Ja również uklękłam i oblana rumieńcem wrzucałam wszystko do torby. Pech chciał, że akurat w jego ręce wpadło zdjęcie, na którym jeszcze się śmiałam otulona ramieniem mojego brata. Wzięłam je wtedy żeby je oprawić. Wpatrywał się w nie przez chwilę, a gdy napotkał moje spojrzenie speszył się i szybko wręczył mi fotografię. Chwilę to trwało zanim uporaliśmy się z moją stertą rozsypanych, niezałatwionych spraw. Staliśmy na wprost siebie nie wiedząc co właściwie powiedzieć, bo co mówi się w takich sytuacjach? Spojrzałam na pogniecioną gazetę, która była przyczyną naszego zderzenia, potem na jego minę. Wyglądał jak rozkapryszone dziecko, któremu mama nie kupiła czegoś, co sobie zażyczyło.
– Czy coś się stało? – zapytałam.
Chwilę później zdałam sobie sprawę, że nie było to najmądrzejsze pytanie. Nie znałam wtedy tego człowieka, a wyskoczyłam z osobistym pytaniem. Mężczyzna wykrzywił się jeszcze bardziej i przygryzł wargi.
- Właściwie to tak. Odrzucili mój artykuł, bo był… - szukał odpowiedniego słowa - …prawdziwy, a zamiast tego wstawili jakiś szajs!

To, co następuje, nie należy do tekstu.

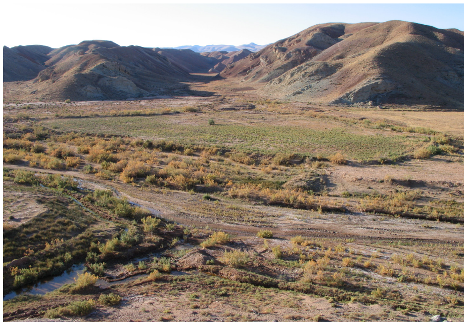
Fig. 2. The landscape of the ancient salt mine of Chehrabad, Zanjan Province, north-western Iran. A view out of the mine.

The two partly mummified specimens from Chehrabad are here compared with population samples of other small Eptesicus bats from Eurasia. This study follows the previous comparison by Benda & Reiter (2006) and is extensively complemented of new comparative material of the relevant populations, including some type specimens. For comparative morphological and morphometrical purposes we used skulls, from external dimensions we took only the forearm length (LAt). The specimens were measured in a standard way using mechanical or optical callipers. Horizontal dental dimensions were taken on cingulum margins. The examined museum comparative material is given in Appendix. We evaluated 15 craniodental dimensions in each skull (13 measurements in the skull and maxillar tooth-row, three measurements in the mandible and mandibular tooth-row; for particular dimensions see Abbreviations) plus five indices that described the skull shape. Statistical analyses were performed using the Statistica 6.0 software.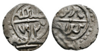
907 Islamic Coin Silver AR 1,17 g - 14,54 mm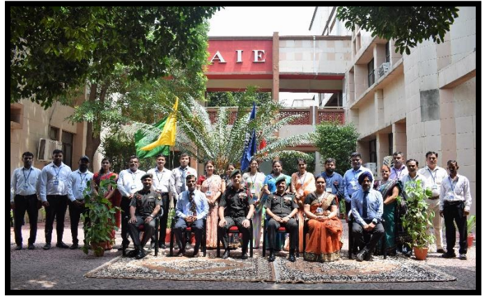
Group Photo with Teaching, Adm, & Non Teaching Staff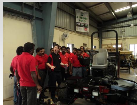
CIDCO – Khargar Valley Golf Course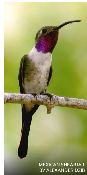
MEXICAN SHEARTAIL BY ALEXANDER DZIB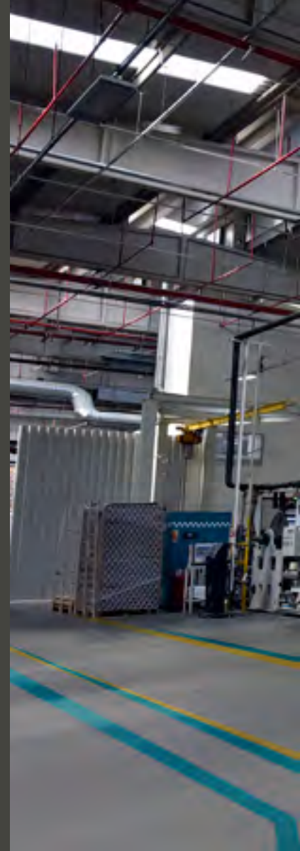
ELBA, Çerkezköy, Tekirdağ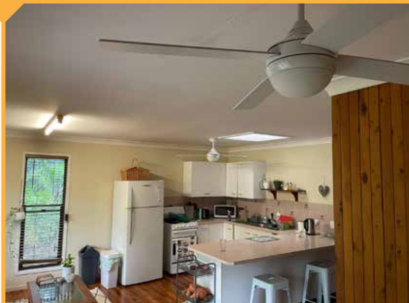
Thanks to the generous family and friends of our 2020 graduating class, future students and families will enjoy the benefits of cooling fans to help battle the hot Brisbane summers.

Your greatest fans aren't the ones spinning on the ceiling—they're the students and families sitting under them!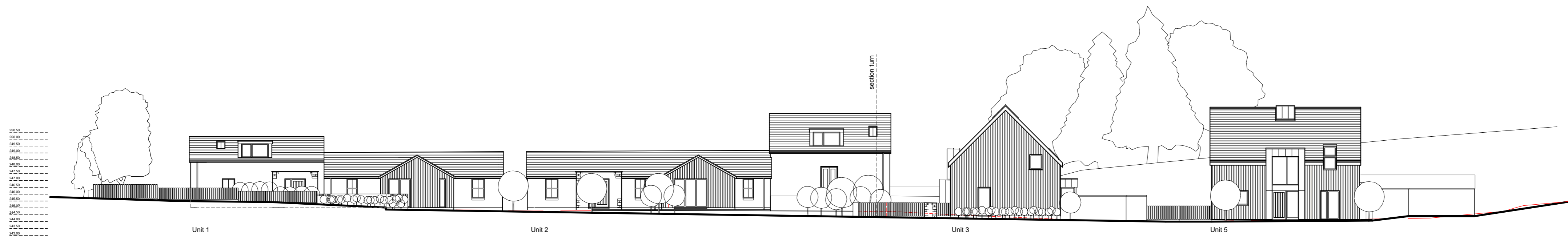
01 SECTION A-A 1/200

See Site Plan for locations of sections (drg ref 1730-PL01)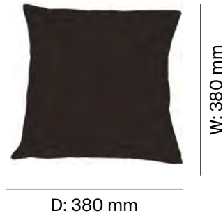
Kukuy, Pichu, Qeztal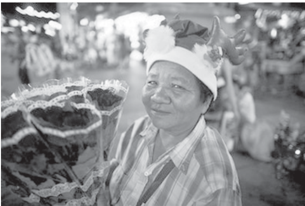
A Thai vendor smiles as she sells roses in Phuket, Thailand, on 25 Dec, 2008.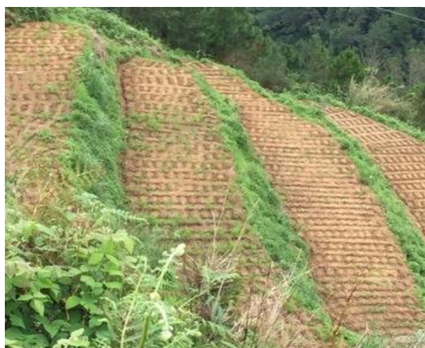
Figure 3. Establishment of terraces along the steep slopes to prevent soil erosion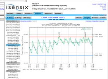
Automated Graphs & Reporting

Isensix, Inc 8555 Aero Drive, Suite 310 San Diego, CA 92123-1745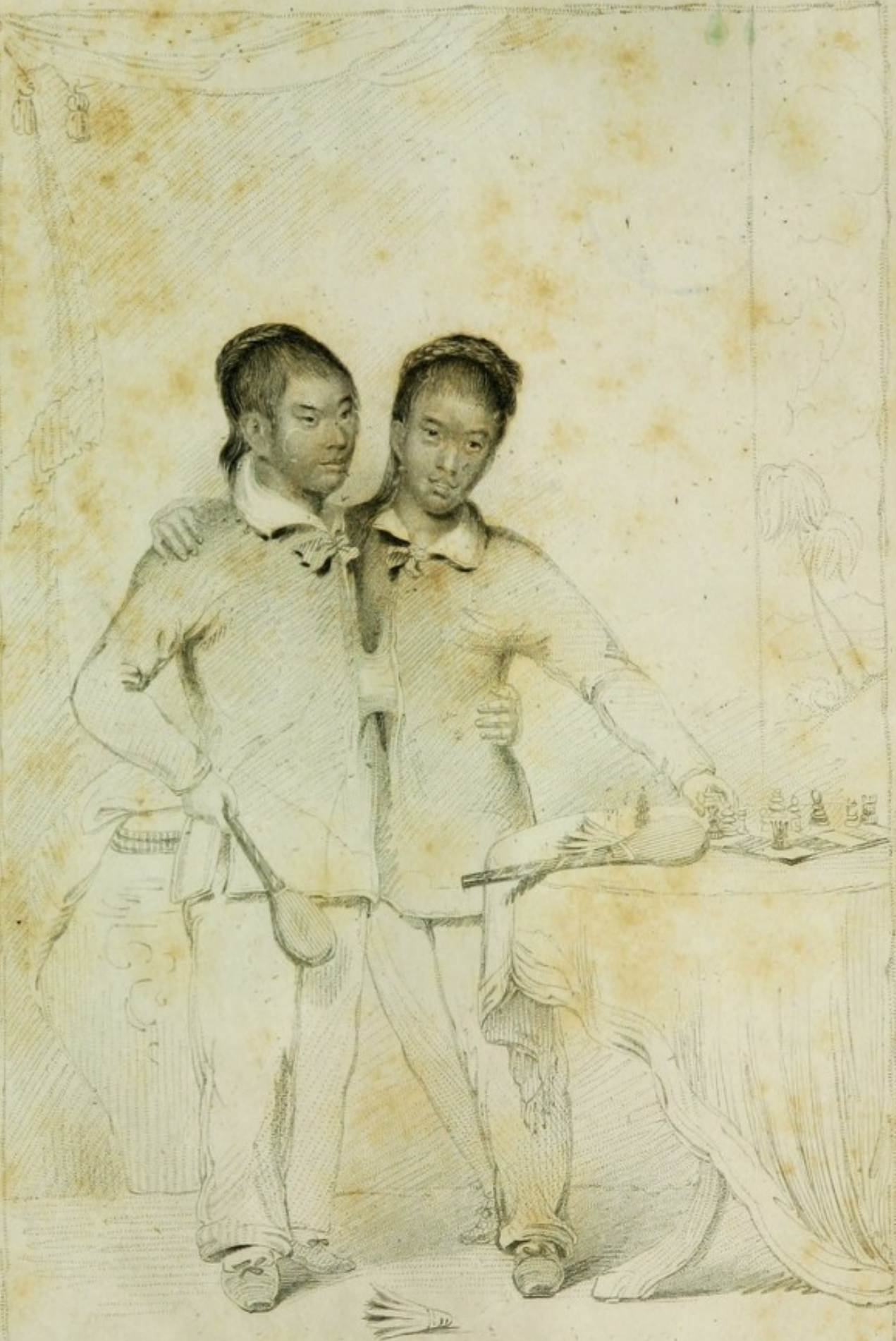
ENG and CHANG, THE CELEBRATED SIAMESE YOUTHS.

Published as the Act directs. Jan: 28. 1830

Wręczył mi do ręki gazetę, a ja udawałam, że czytam, podczas, gdy starałam się odgadnąć, jakich perfum używa. Były bardzo intensywne, ale jednocześnie delikatne. Uwielbiałam ten zapach, z czymś mi się kojarzył.
- No i co pani o tym myśli? – zapytał po chwili.
- Tak to rzeczywiście bardzo… - z kolei ja szukałam odpowiedniego słowa - …kiczowate – dokończyłam tonem znawczyni.
Mój szef często używał tego słowa, właściwie był ono na miejscu pierwszym w jego słowniku wyrazów „mądrych”.
- Prawda?! – krzyknął stukając palcem w stronę pierwszą – w życiu nie czytałem podobnych bredni!
- Tak, ja też – zgadzałam się z każdym słowem, a to dlatego, że nie miałam pojęcia o czym jest artykuł.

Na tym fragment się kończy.